Design a Realtime Voice AI Agent

Build a full-duplex voice agent that answers PSTN and WebRTC calls with sub-800ms voice-to-voice latency — covering the cascade pipeline (STT→LLM→TTS), turn detection, barge-in, telephony transport, and scaling to thousands of simultaneous calls.

33 min read2026-06-25Ironclad Academy

#interview #ai #llm #agents #realtime #voice

// DEPTH

the full breakdown — requirements, capacity, evolution, trade-offs

The problem

When Sierra launched its voice AI for enterprise customer service in 2024, it discovered the same thing every team building voice agents discovers: the LLM is not the bottleneck. The model is fast enough. The bottleneck is the fifteen other decisions between the user finishing a sentence and audio playing out of their earpiece — and almost all of them default to the wrong value.

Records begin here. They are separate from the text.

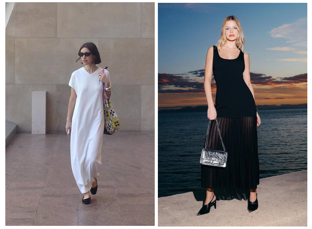 略微宽松的长裙,一直是很显身材的单品,若担心淹没身材比例,只需一条细腰带即可化解,将腰带松散地系在自然腰线处,既能勾勒隐约曲线,又保留裙摆的流动感,形成张弛有度的轮廓。
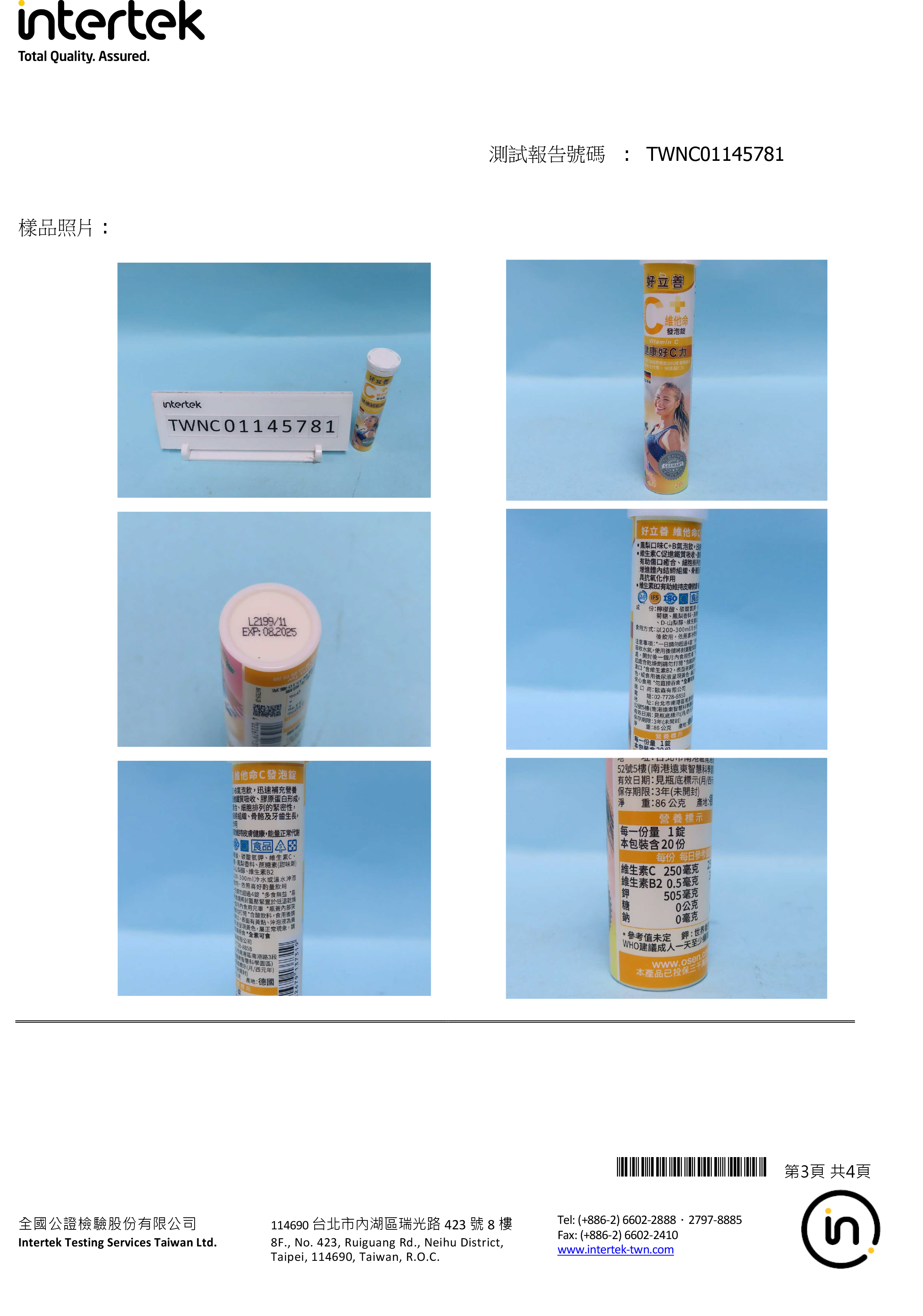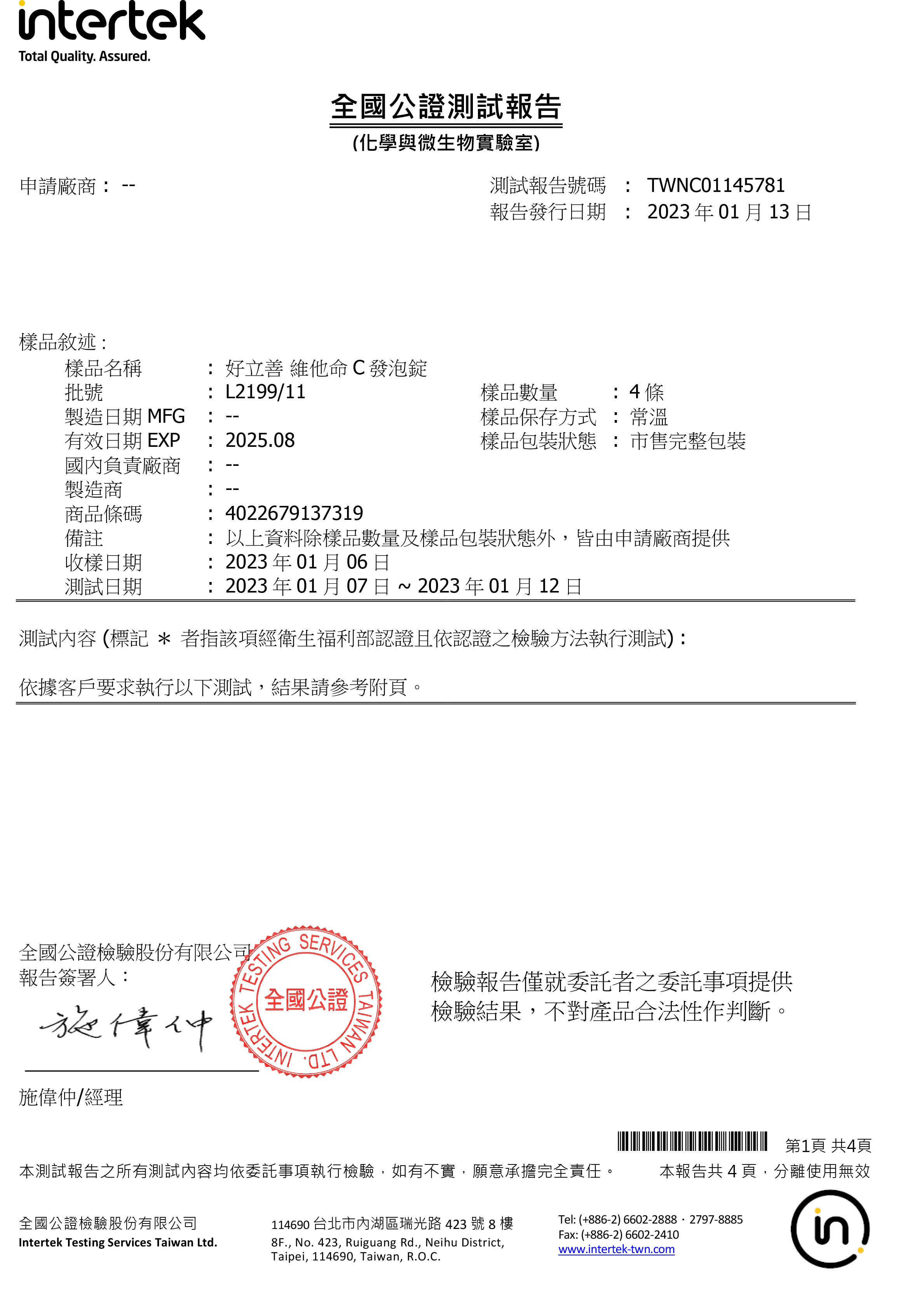 維他命C250發泡錠(鳳梨口味)全國公證檢驗報告(2023年1月13日)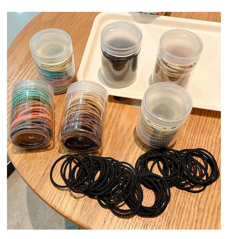 50 hilo negro embotellado cuerda de pelo fino cuerda de pelo al por mayor pequeña banda de goma banda de pelo cabeza de lazo femenino headwear anillo de goma cubierta de cuero

A voice agent is fundamentally a real-time media system that happens to have a language model in the middle. Unlike a chat interface where 2–3 seconds of response time is acceptable, voice conversation works on human speech rhythm. Once the gap between a user finishing their sentence and hearing a response exceeds roughly 800ms, users perceive the system as broken. At 1.2s they start speaking over the agent. At 1.5s+ the conversation loses coherence entirely. Hamming AI analyzed 4 million production voice calls and found that the industry median is 1.4–1.7s at P50 — well outside the acceptable window — with P95 at 4.3–5.4s.

The gap between achievable (520ms best-case cascade) and typical (1.4s median) is entirely engineering. This article is about closing that gap.

For agent tool-calling and durable orchestration, see Design an AI Agent Platform. This article focuses on the voice-specific layers: the media pipeline, latency budget, turn detection, barge-in, and telephony integration.

Functional requirements

Accept inbound phone calls (PSTN via SIP) and WebRTC connections from browser/app clients.
Transcribe user speech in real time and detect end-of-turn accurately.
Generate a voice response within 800ms of end-of-speech at P50, under 1.2s at P95.
Stop speaking immediately when the user interrupts (barge-in).
Execute tool calls mid-conversation — CRM lookup, calendar booking, database query, RAG retrieval — and incorporate results into the response.
Maintain per-call conversation state across an arbitrary number of turns.
Escalate to a human agent when triggered; pass a structured handoff packet so the human doesn't ask the caller to repeat themselves.
Store transcripts, timing data, and structured events for analytics, QA, compliance, and fine-tuning.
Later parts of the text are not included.